Chair, International Advisory Board, (Former) Under Secretary-General and High Representative for Disarmament Affair of the United Nations

Won-Soo Kim spent more than 40 years as a South Korean diplomat and international civil servant.  As a Korean diplomat, he served as the Secretary to the President of the Republic of Korea for international security as well as foreign affairs and trade. He then served as the head of policy planning and ambassador for regional cooperation at the Ministry of Foreign Affairs, where he successfully led the then Foreign Minister Ban Ki-moon’s campaign for the 8th United Nations Secretary-General.

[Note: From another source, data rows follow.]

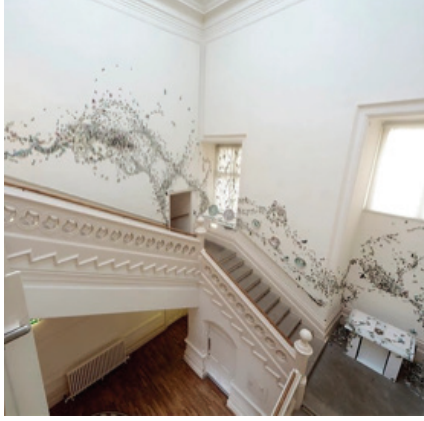
Görsel 32. "Stirring the Swarm" Enstalasyonundan Görünüm, Birimler: 2-20 cm aralığındadır. Nottingham Kalesi, 2012
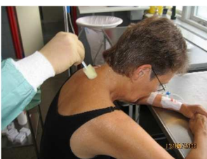
Lægen desinficerer huden i nakken og lokalbedøver...
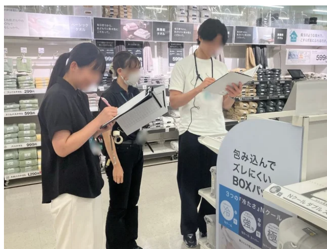
インターンシップのようす

社員のキャリア形成支援に力を入れている点や、多様な職種がある点を魅力に感じていただけたことが今回の結果につながったのではないかと考えております。
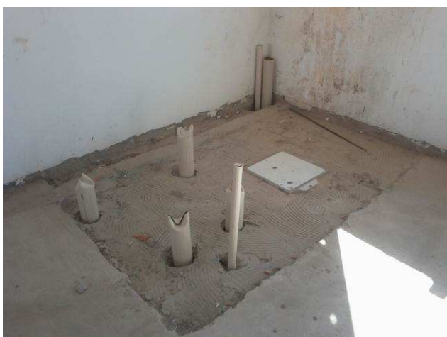
Figura 47C: Chegada de pontos de esgoto primário e secundário no primeiro pavimento
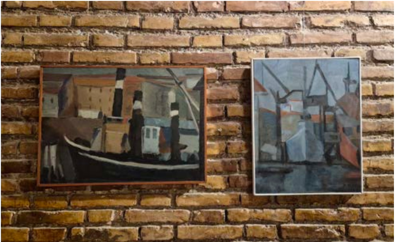
Il Porto di Livorno 1956 (I,II)
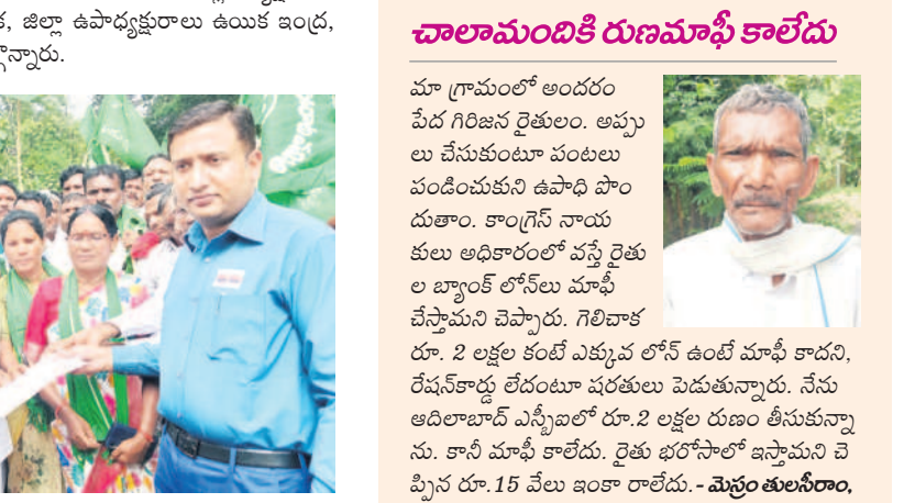
కలెక్టర్ కు వినతిపత్రం అందజేస్తున్న తుడుండెట్ల నాయకులు

దీంతో ఇరు వర్గాల మధ్య తోపులాట జరిగింది. పోలీసులపై చర్యలు తీసుకోవాలి
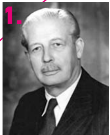
1. Ο Βρετανός πρωθυπουργός Harold Macmillan (φτου του).
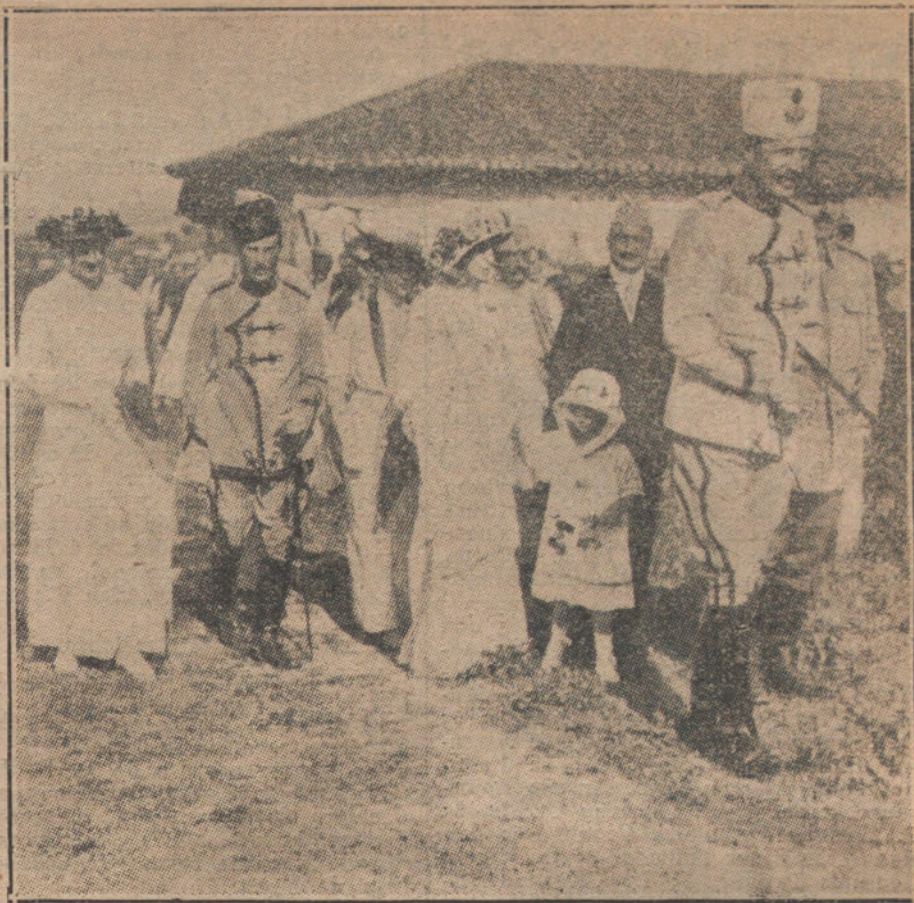
LOS SUCESOS DE ALBANIA.—Los Soberanos de Albania y su familia revistan a un destacamento de tropas leales.

Y agregamos nosotros que nos parece de perlas la idea de influir en Bruselas
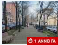
Scuola e formazione Corso Regio parco più green: per i bambini della Lessona panchine più resistenti in plastica riciclata
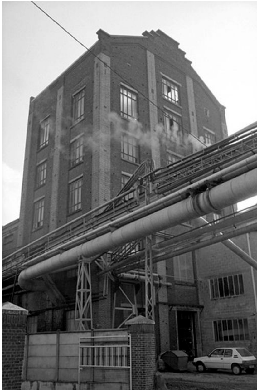
Atelier de fabrication, flanc ouest.
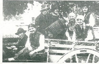
Costumi Valtrumplini nei giorni di festa

Following the election, he moved to the UN as the head of the SDG’s transition team and took up the senior positions of the UN. Over the next decade, he coordinated the UN system’s response to global challenges at the highest level in a variety of roles, including the Assistant Secretary-General and the Deputy Chef de Cabinet to the SG, Senior Coordinator for the UN System, and the Under Secretary-General and High Representative for Disarmament Affairs.

 

He was educated at Seoul National University College of Law (Bachelor of Law) in the Republic of Korea as well as Johns Hopkins University School of Advanced International Studies (MA), and Stanford University School of Law (JSM and doctoral candidate) in the United States. He was a visiting scholar at Stanford University Center for International Security and Cooperation and the Asia-Pacific Research Center.

 

He has taught at Kyung Hee University, Yonsei University and Incheon National University as a chair professor, and advised international organizations as a member of the Eminent Persons Group of the Comprehensive Nuclear Test Ban Treaty Organization and as a board member of the Ban Ki-moon Center for Global Citizens in Vienna, Austria.

 

He is currently the Chair of the International Advisory Board of the TAEJAE Future Consensus Institute, where he leads research on global governance. His research focuses on examining challenges and exploring solutions required to transform global governance away from confrontation to cooperation and to overcome existential threats against humanity, including the specter of a resurgent nuclear arms race, climate and other unsustainability crises, and the risks from uncontrolled emerging technologies.